TIFR CSE 2010 | Part B | Question: 32

Question

Consider the following solution (expressed in Dijkstra's guarded command notation) to the mutual exclusion problem.

process P1 is   
begin      
    loop
        Non_critical_section;
        while not (Turn=1) do skip od;
        Critical_section_1;
        Turn:=2;
    end loop
end

 

process P2 is  
begin
    loop
        Non_critical_section;
        while not (Turn=2) do skip od;
        Critical_section_2;
        Turn:=1;
    end loop
end

Initially, Turn$=1$, Assume that the two process run forever and that no process stays in its critical and non-critical section infinitely. A mutual exclusion program is correct if it satisfies the following requirements.

1. Only one process can be in a critical region at a time.
2. Program is a dead-lock free, i.e., if both processes are trying to enter the critical region then at least one of them does enter the critical region.
3. Program is starvation-free; i.e, a process trying to enter the critical region eventually manages to do so.

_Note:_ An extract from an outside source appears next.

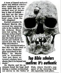 Ko so julija 1996 v dolini Ela, blizu Judejskih gora, arheolog dr. Simon Dore je odkril okostje bolj tri metre dolga, na čelu lobanje katere je bil kamen, od udarec, ki je ubil tega velikana. Presenečeni in presenečeni arheologi so se takoj spomnili biblijske zgodbe o Goljatu in spoznali da pred njimi očitno leži natančno njegovo okostje pripoveduje svetopisemsko projekt bible-facts.ru

The above mutual exclusion solution.

• A. Does not satisfy the requirement (1).
• B. Satisfy the requirement (1) but does not satisfy the requirement (2).
• C. Satisfies the requirements (1) and (2), but does not satisfies the requirement (3).
• D. Satisfies the requirement (1) and (3), but does not satisfies the requirement (2).
• E. Satisfies all the requirement (1), (2), and (3).

Comments

From Wikipedia:

"Skip is the empty instruction: do nothing. It is used in the program itself, when the syntax requires a statement, but the programmer does not want the machine to change states."

As a request can someone write an equivalent program to this in a C-like syntax?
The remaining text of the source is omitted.